Mark
Chapter 2
German translation
1Und er ging wiederum nach Kapernaum hinein nach einigen Tagen, und es wurde gehört, daß er im Hause war.
2Und alsbald versammelten sich viele, also daß kein Platz mehr da war, auch nicht außen vor der Tür; und er redete das Wort zu ihnen.
3Und es kamen vier Männer zu ihm, die einen Gichtbrüchigen trugen.
4Und da sie ihn nicht zu ihm bringen konnten wegen der Menge, deckten sie das Dach auf, da er war. Und als sie es aufgebrochen hatten, ließen sie das Bett herab, auf welchem der Gichtbrüchige lag.
5Da Jesus ihren Glauben sah, sprach er zu dem Gichtbrüchigen: Sohn, deine Sünden sind dir vergeben.
6Es saßen aber etliche der Schriftgelehrten daselbst und gedachten in ihren Herzen:
7Warum redet dieser solche Lästerungen? Wer kann Sünden vergeben denn allein Gott?
8Und alsbald erkannte Jesus in seinem Geiste, daß sie also bei sich selbst gedachten, und sprach zu ihnen: Warum denket ihr solches in euren Herzen?
9Welches ist leichter, zu dem Gichtbrüchigen zu sagen: Dir sind deine Sünden vergeben; oder zu sagen: Stehe auf, nimm dein Bett und wandle?
10Auf daß ihr aber wisset, daß des Menschen Sohn Gewalt hat, Sünden auf Erden zu vergeben, spricht er zu dem Gichtbrüchigen:
11Ich sage dir, stehe auf, nimm dein Bett und gehe heim.
12Und er stand alsbald auf, nahm das Bett und ging hinaus vor allen, also daß sich alle entsetzten und Gott priesen und sprachen: Wir haben solches nie gesehen.
13Und er ging wiederum hinaus an das Meer; und die ganze Menge kam zu ihm, und er lehrte sie.
14Und er ging vorüber und sah Levi, des Alphäus Sohn, sitzen am Zolltisch, und sprach zu ihm: Folge mir nach. Und er stand auf und folgte ihm nach.
15Und es begab sich, daß er in seinem Hause zu Tische saß, und viele Zöllner und Sünder saßen mit Jesus und seinen Jüngern zu Tische; denn es waren viele und folgten ihm nach.
16Und die Schriftgelehrten und Pharisäer, da sie sahen, daß er mit den Zöllnern und Sündern aß, sprachen sie zu seinen Jüngern: Warum isset und trinket er mit den Zöllnern und Sündern?

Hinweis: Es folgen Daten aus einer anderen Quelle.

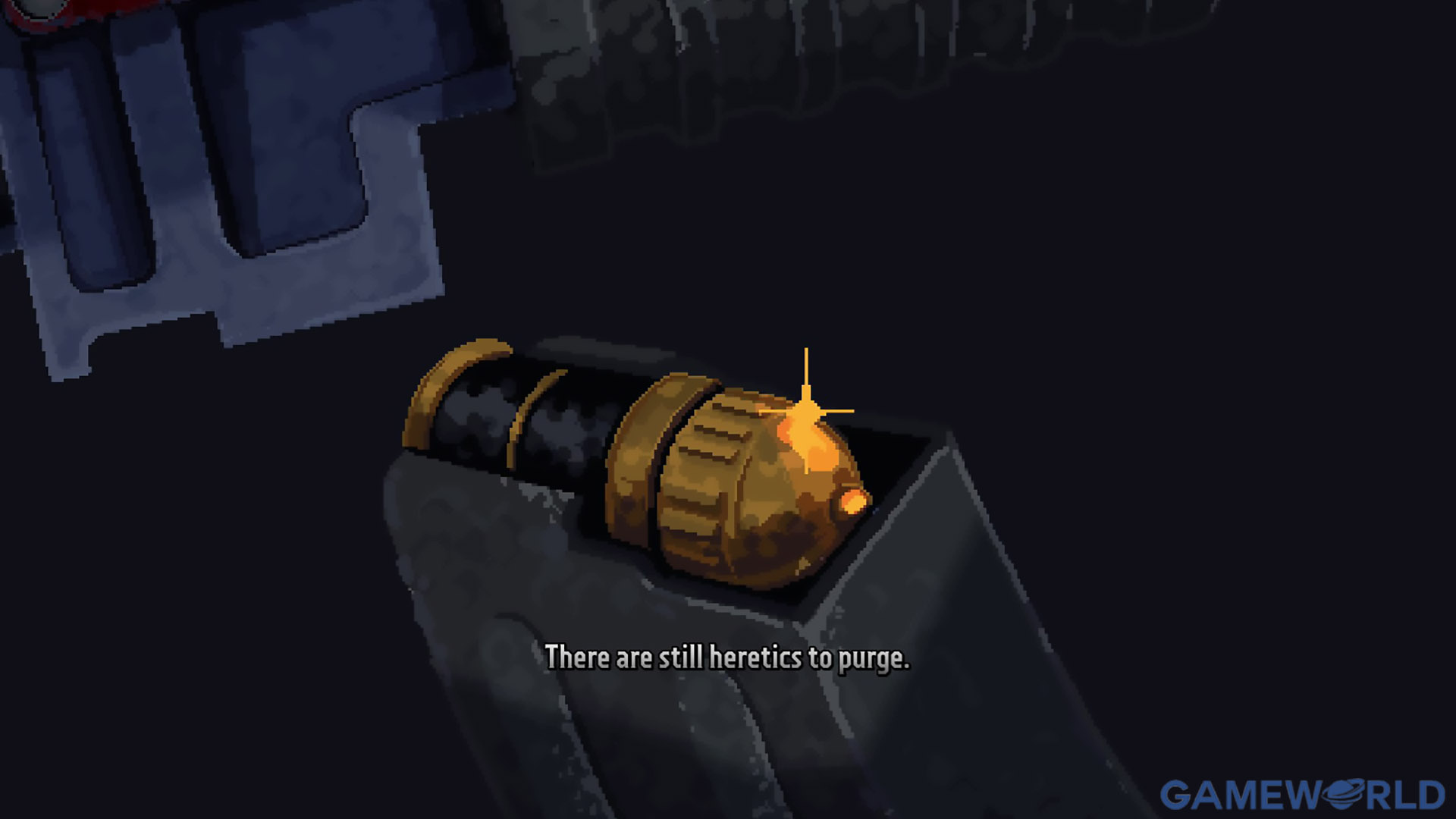 Παρόλα αυτά, υπάρχουν κάποια τοπία που εντυπωσιάζουν. Αυτές οι ήσυχες στιγμές μετά τη μάχη, που αντικρίζετε τις κορυφές ναών να ξεπροβάλλουν στον ορίζοντα, τα αγάλματα ηρώων από το παρελθόν να κοιτούν επιβλητικά και εξεταστικά τον Malum και ταυτόχρονα εμάς τους ίδιους. Έξω από το παράθυρο ή όταν σηκώνουμε το κεφάλι μας προς τον ουρανό, ανοίγεται η τρομακτική αλλά όμορφη μορφή του Warp Rift. Είναι στιγμές που προκαλούν δέος και το pixel art δεν αφαιρεί από αυτές, αντίθετα τις ενισχύει.

17Da Jesus das hörete, sprach er zu ihnen: Die Starken bedürfen des Arztes nicht, sondern die Schwachen. Ich bin nicht kommen, die Gerechten zu rufen, sondern die Sünder zur Buße.
18Und die Jünger des Johannes und die Pharisäer fasteten; und sie kamen und fragten ihn: Warum fasten die Jünger des Johannes und der Pharisäer, aber deine Jünger fasten nicht?

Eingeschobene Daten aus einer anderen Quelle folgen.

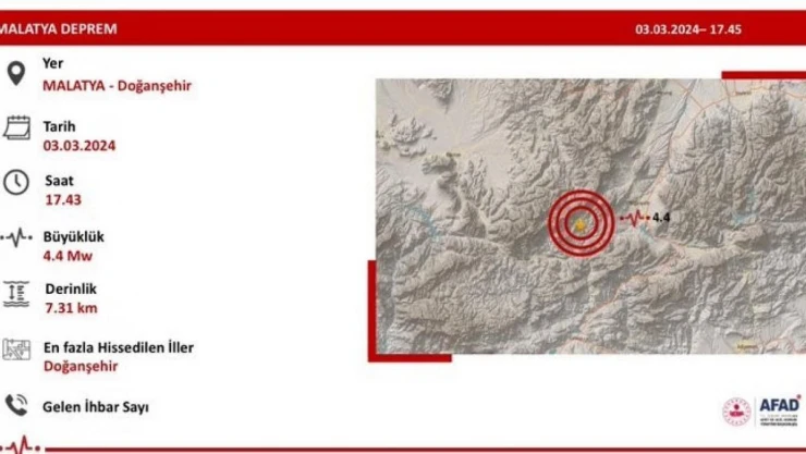 İçişleri Bakanı Ali Yerlikaya, sosyal medya hesabından yaptığı paylaşımda, “Malatya Doğanşehir’de 4.4 büyüklüğünde meydana gelen depremde AFAD ve ilgili kurumlarımızın tüm ekipleri saha taramalarına başlamıştır. An itibari ile olumsuz bir durum yoktur. Gelişmeleri takip ediyoruz. Depremden etkilenen vatandaşlarımıza geçmiş olsun dileklerimi sunuyorum. Allah ülkemizi ve milletimizi afetlerden korusun” ifadelerine yer verdi.

19Und Jesus sprach zu ihnen: Können die Hochzeitleute fasten, dieweil der Bräutigam bei ihnen ist? Solange sie den Bräutigam bei sich haben, können sie nicht fasten.
20Es werden aber Tage kommen, daß der Bräutigam von ihnen genommen wird; alsdann werden sie fasten in jenen Tagen.
21Niemand flicket einen alten Rock mit einem Stück neuen Tuches; denn der neue Fleck reißet vom alten ab, und der Riß wird ärger.
22Und niemand faßt neuen Wein in alte Schläuche; sonst zerreißet der Wein die Schläuche und der Wein wird verschüttet und die Schläuche verderben; sondern neuen Wein soll man in neue Schläuche fassen.
23Und es begab sich, daß er am Sabbat durch die Saat ging; und seine Jünger fingen an, indem sie gingen, Ähren auszuraufen.
24Und die Pharisäer sprachen zu ihm: Siehe, warum tun sie am Sabbat, das nicht gestattet ist?
25Und er sprach zu ihnen: Habt ihr nie gelesen, was David tat, da er Mangel hatte und hungerte, er und die bei ihm waren?
26Wie er ging in das Haus Gottes zur Zeit Abiatars, des Hohenpriesters, und aß die Schaubrote, welche zu essen nicht gestattet ist denn den Priestern, und gab auch denen, die bei ihm waren?
27Und er sprach zu ihnen: Der Sabbat ist um des Menschen willen gemacht, nicht der Mensch um des Sabbats willen.
28Also ist des Menschen Sohn Herr auch über den Sabbat.